Looks like indeed the struct is copied as is with padding to the send buffer. I dont know yet whether this is common practice, but I guess it makes sense in a level where both tc binary and the kernel are compiled on the same architecture.

man 3 libnetlink:

       addattr_l
              Add a variable length attribute of type type and with value
              data and alen length to netlink message n, which is part of a
              buffer of length maxlen.  data is copied.

addattr_l would then proceed to copy sizeof(struct tc_u32_sel) bytes, which would include the padding.

florianl commented 4 years ago

Hi! I had a closer look again and dived into the source of tc. And you're right there is an alignment applied. With the latest change in https://github.com/florianl/go-tc/commit/412a139fd321f52d8d87cb61a2ad807c13723464 the padding has been added in handling the U32Sel struct.

When testing with the filter you have provided, I get the following, which looks fine I think.

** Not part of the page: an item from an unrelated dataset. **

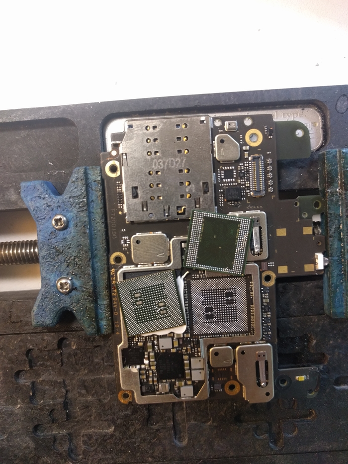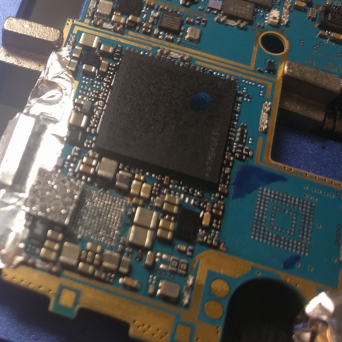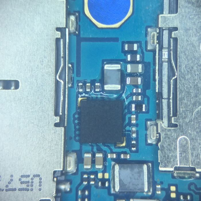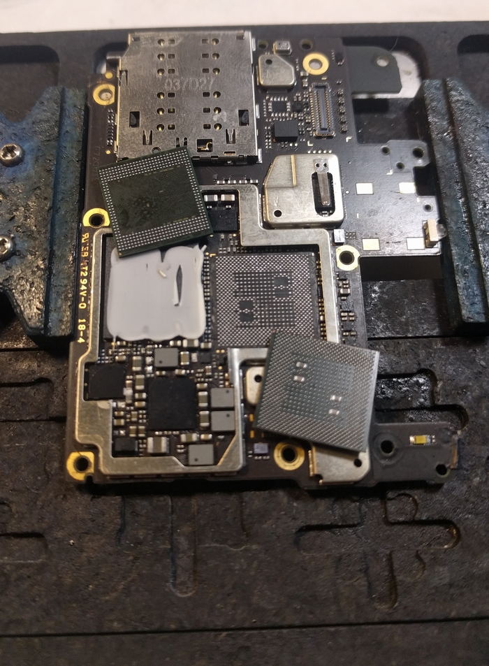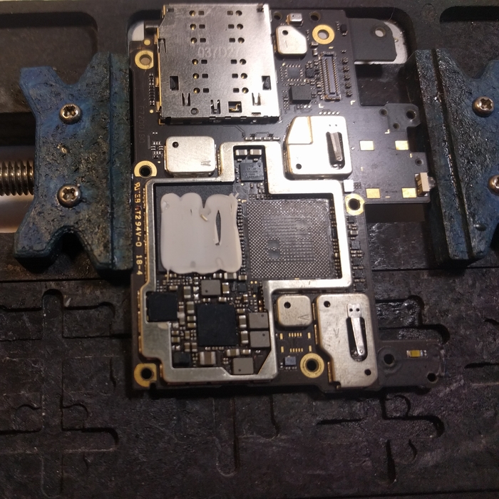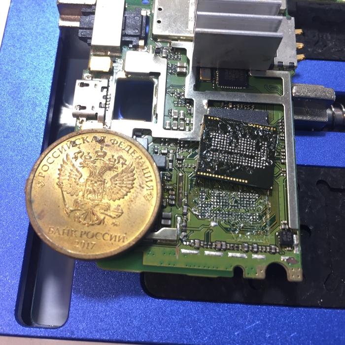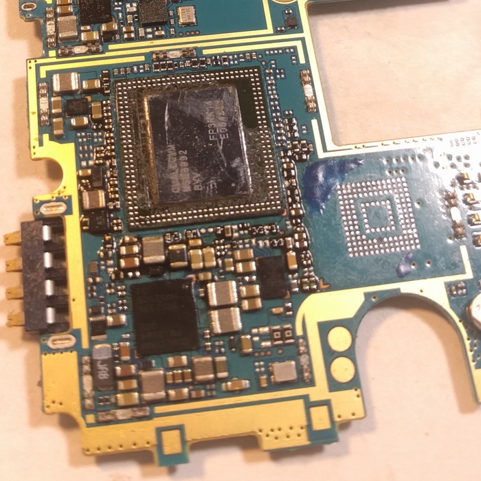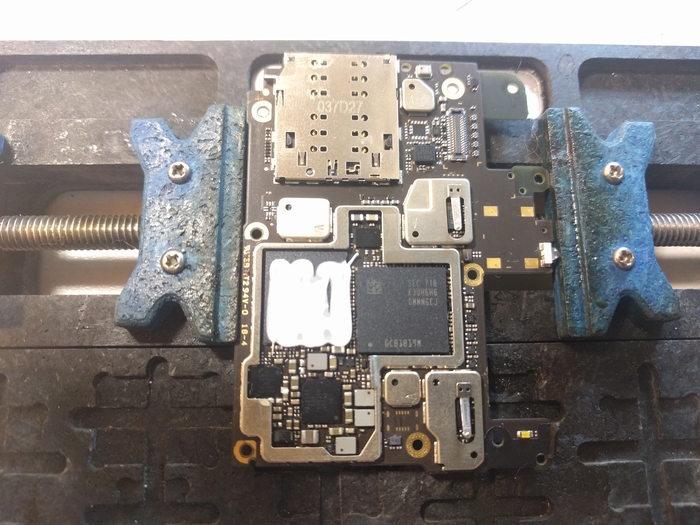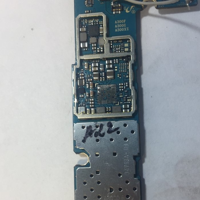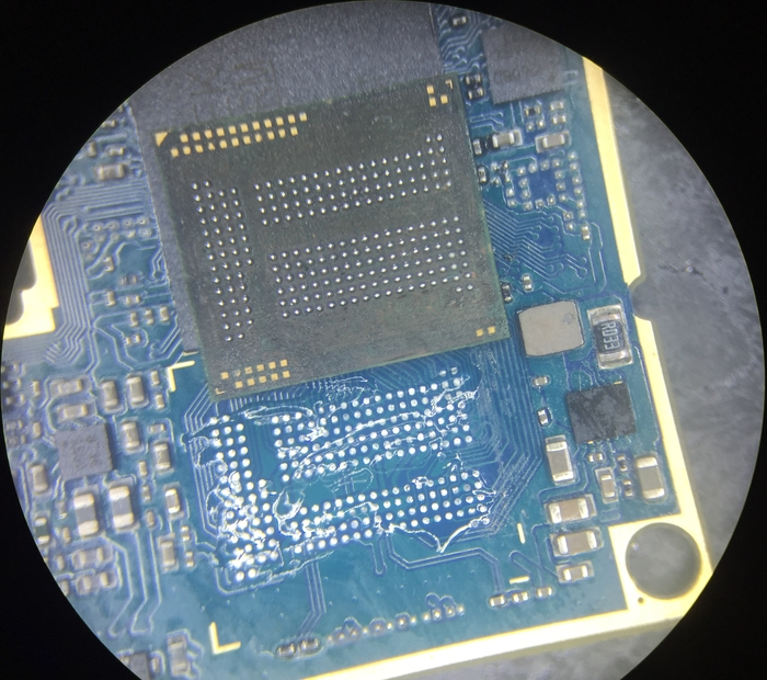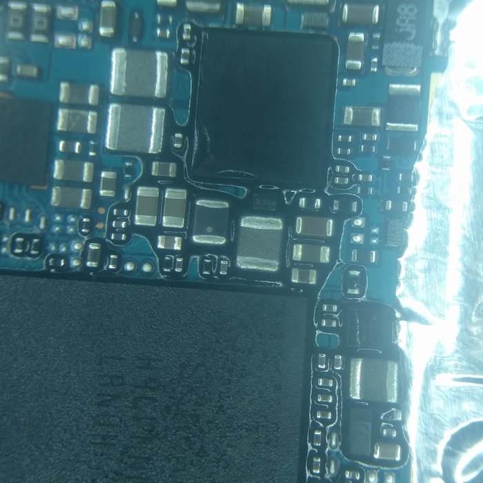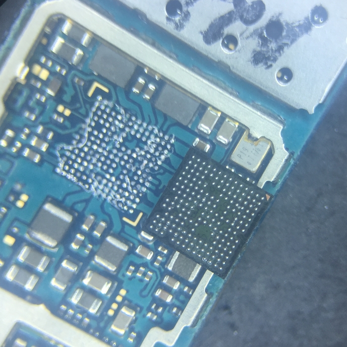 Без достаточной сноровки к ней будет проблемно подобраться поначалу, поэтому можно убрать лишние экраны для более простого доступа к микросхеме. Берем дремель и выпиливаем все ненужное, можно обойтись и кучасками, но в последующем дремель все равно будет необходим в ремонте.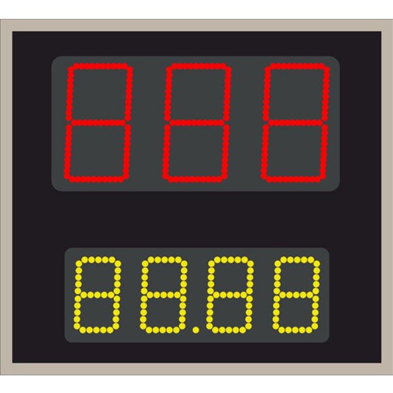 Пріоритет в сприйнятті інформації про результати спортсмена зроблений на кількість зафіксованих підняттів. За дизайном, це табло виграє, зберігаючи всі переваги цієї лінійки табло для гирьового спорту: можливість одно- і дво- стороннього виконання, управління від провідних чи бездротових пультів, можливість підключення групового табло результатів, ведення протоколів в автоматичному режимі, з можливістю введення списків учасників з популярних табличних форматів. Є можливість експорту і друку результатів змагань (доступно для варіантів комплектації з комп'ютером). Комплект бездротових односторонніх електронних табло для проведення змагань з гирьового спорту: табло для гирьового спорту 6 шт.; звуковий сигнал; стаціонарна підставка 6 шт.; програмне забезпечення на носії; паспорт та інструкція з експлуатації; захисна упаковка. Висота цифр в поле ЧАС: 100 мм, дальність видимості до 40 метрів. Висота цифр піднято: 150 мм, дальність видимості до 60 метрів. Елемент індикації: світлодіод 5 мм. Яскравість світіння світлодіодів (залежить від кольору): 0,8-3,5 Кд. Значення поля РЕЗУЛЬТАТ: 0-999. Максимальна тривалість змагання: 59 хвилин 59 секунд. Збереження налаштувань: необмежено. Матеріал рами: алюміній. Матеріал корпусу: анодований алюміній. Лицьова панель: оргскло із захисною плівкою. Температура експлуатації: від 0 до +60°С. Напруга живлення: 220 В. Потужність середня: до 50 Вт. Тип кріплення табло: на підставку. Вага одного табло в упаковці: 6 кг. Габарити табло в упаковці: 620х490х75 мм.

&tc.U32Sel{Flags:0x1, Offshift:0xde, NKeys:0x1, OffMask:0x1122, Off:0x3344, Offoff:0xccdd, Hoff:0xeeff, Hmask:0xddccbbaa, Keys:[]tc.U32Key{tc.U32Key{Mask:0x44332211, Val:0xedfecefa, Off:0xcc, OffMask:0x0}}}

Thanks again for reporting it!

florianl commented 4 years ago

Closing this issue as of no further response. Don't hesitate to reopen it, if needed or create a new one.